# Work instruction
Leave every picture out and give back the lines below from the first through the line that holds "أطفال سوريون يلعبون", exactly as written.

# Provided material
┌──

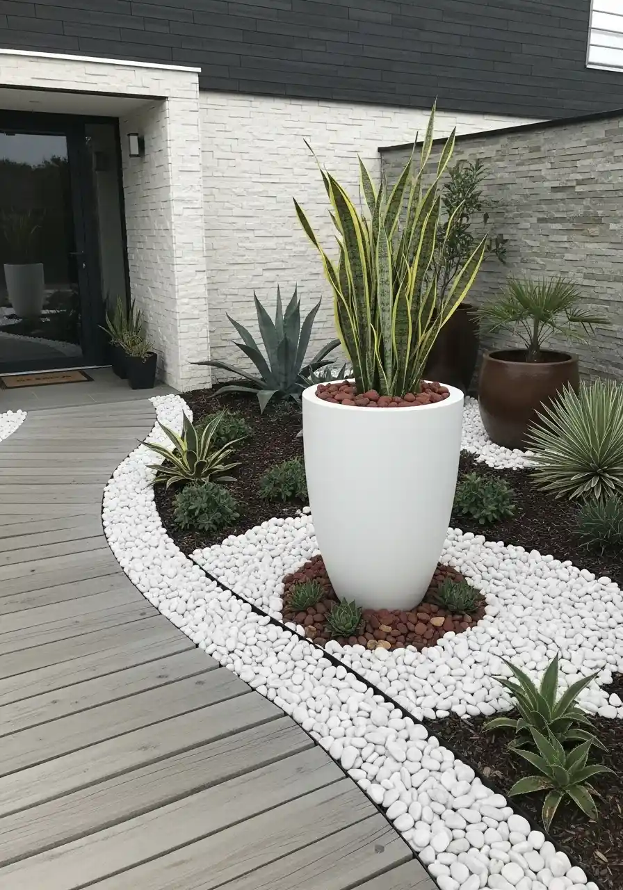 This garden pebble border idea feels super clean and calm. White pebbles everywhere, dark mulch patches, and bold plants like agave and snake plant. The giant white pot in the center makes it feel like a modern front entry, not just “some plants.”
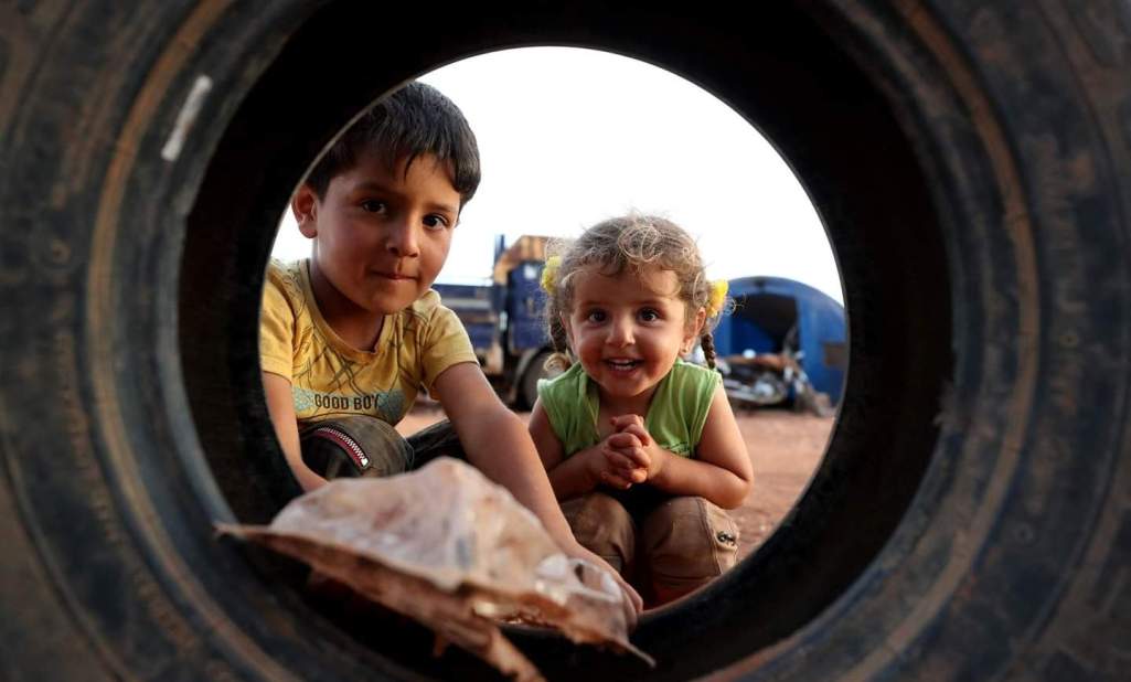 أطفال سوريون يلعبون بإطار في مخيم للنازحين في مدينة معرة مصرين بمحافظة إدلب شمال غربي سوريا- 8 من أيار 2021 (AFP/ عمر الحاج قدور)
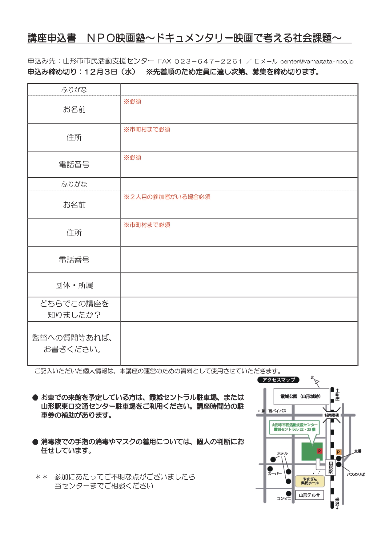« すべてのイベント このイベントは終了しました。 NPO映画塾~ドキュメンタリー映画で考える社会課題~ 2025年12月6日18:00 - 20:00 無料 « かたばみの会deランチを楽しみましょう やまがたNPOウイーク2025 12月7日開催!ステージ発表&団体の活動紹介 » チラシ(PDF)はこちらから 申込みは下記Googleフォームから(11/1より開始) https://forms.gle/ihQ5uFtQmgu4siph8 + Google カレンダー+ iCal エクスポート 詳細 日付: 2025年12月6日 時間: 18:00 - 20:00 参加費: 無料 イベントカテゴリー: センター主催 主催者 山形市市民活動支援センター 電話番号: 023-647-2260 メール: center@yamagata-npo.jp 会場 山形市市民活動支援センター 23階 高度情報会議室 山形市城南町1-1-1 霞城セントラル23階 山形市, 山形県 9908580 日本 + Google マップ

└──

# Response below
 This garden pebble border idea feels super clean and calm. White pebbles everywhere, dark mulch patches, and bold plants like agave and snake plant. The giant white pot in the center makes it feel like a modern front entry, not just “some plants.”
 أطفال سوريون يلعبون بإطار في مخيم للنازحين في مدينة معرة مصرين بمحافظة إدلب شمال غربي سوريا- 8 من أيار 2021 (AFP/ عمر الحاج قدور)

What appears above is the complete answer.